6.      These newer products are migrating toward payment at the point-of-service.  These products will alleviate the growing and progressively uncollectable aging accounts receivables that are crippling provider business units across the country.

7.      The flip side of the above will be the demand for even greater discounts per unit of service from providers in return for immediate payment.

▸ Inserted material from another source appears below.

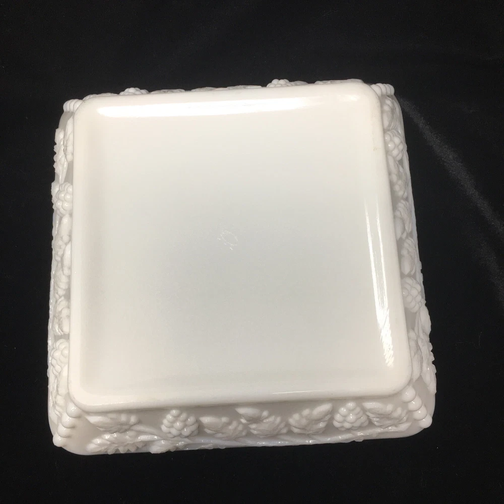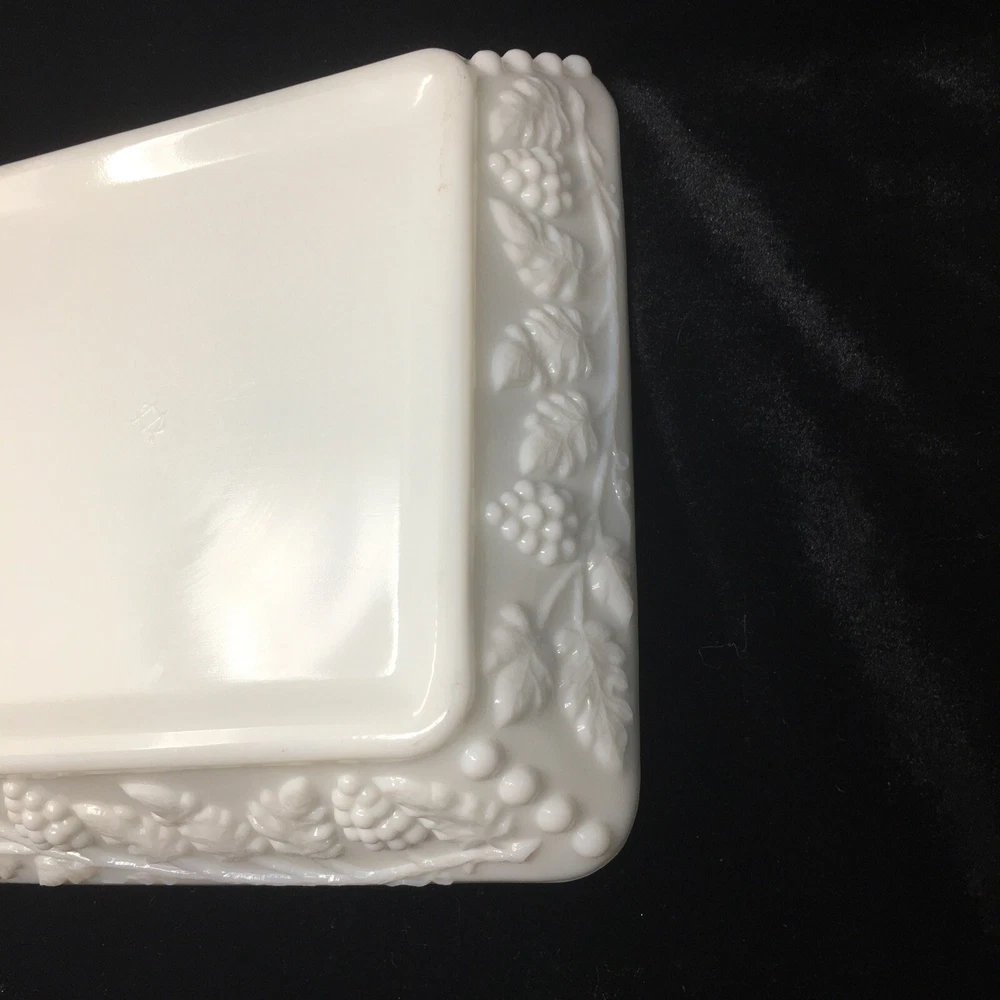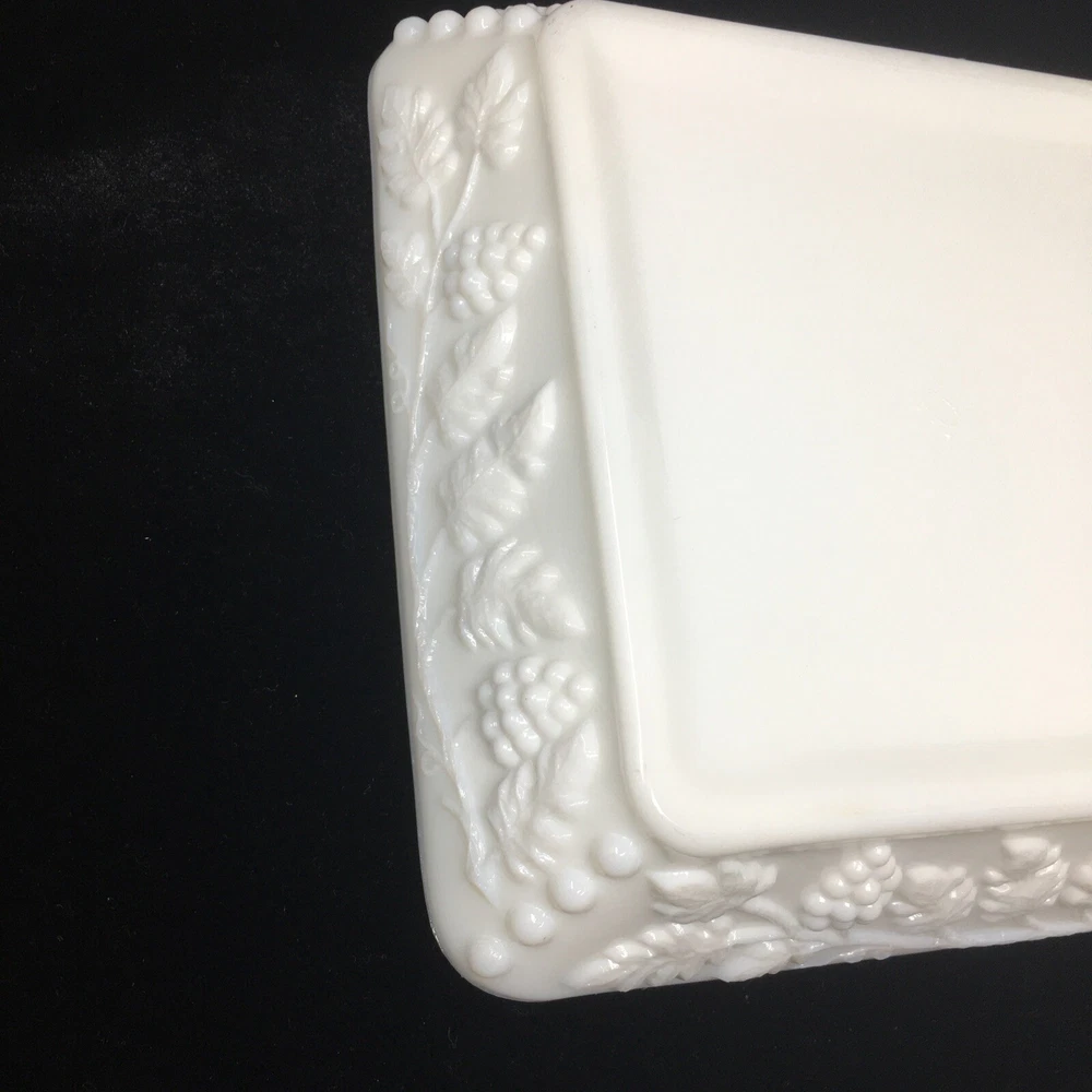 Has a chip on one of the corners right where the cigarette would sit. Westmoreland Milk Glass Cigarette/Joint Ashtray Grape Leaves 5" Vintage 1970’s.
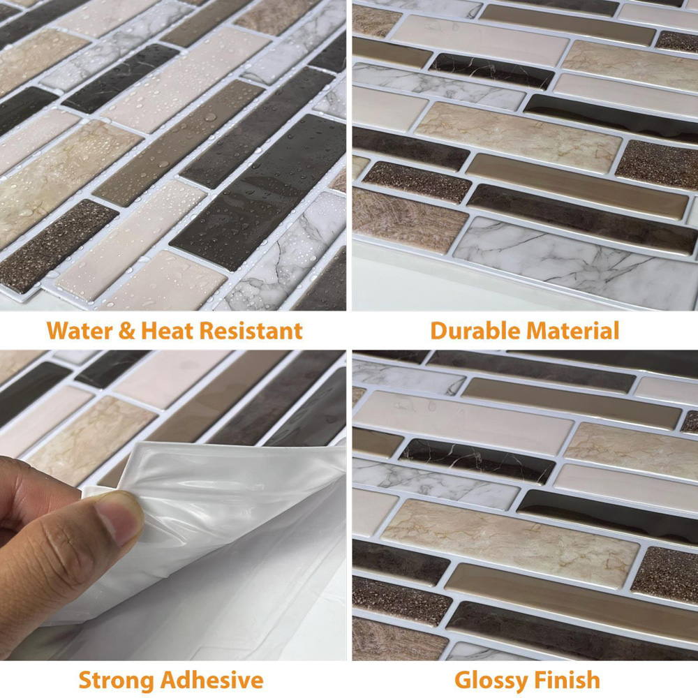Walplus Brown Stone Glossy Mosaic Peel and Stick Backsplash 3D Tile Stickers 10 Pack

8.      Finally, the market will determine the market value for individual provider services rather than insurance companies.  The era of commodity pricing by CPT code is over.

Welcome to the new world of American health care.  We predict that managed care will be remembered as a temporary market aberration that had its origin in academic utopianism. 

Discount panel contracts may survive into the future in government entitlement programs in that they will serve primarily as a tool for enforcing price controls.  However, in the private market where access, outcomes and service commands a premium, managed care has no chance of sustaining itself in the current Internet delivered, transparent market.

davidjgibson@reflectivemedical.com

David Gibson is the C.E.O. of Reflective Medical, a health care software development company. Jennifer Gibson is an economist specializing in evolving health care markets as well as a futures commodity trader specializing energy.

 



[1] The Employee Retirement Income Security Act of 1974 (ERISA).  These are health plans sponsored by employers.

[2] The Taft-Hartley Labor Act of 1947 is officially known as the Labor-Management Relations Act.  This legislation provides the basis for union based health plans.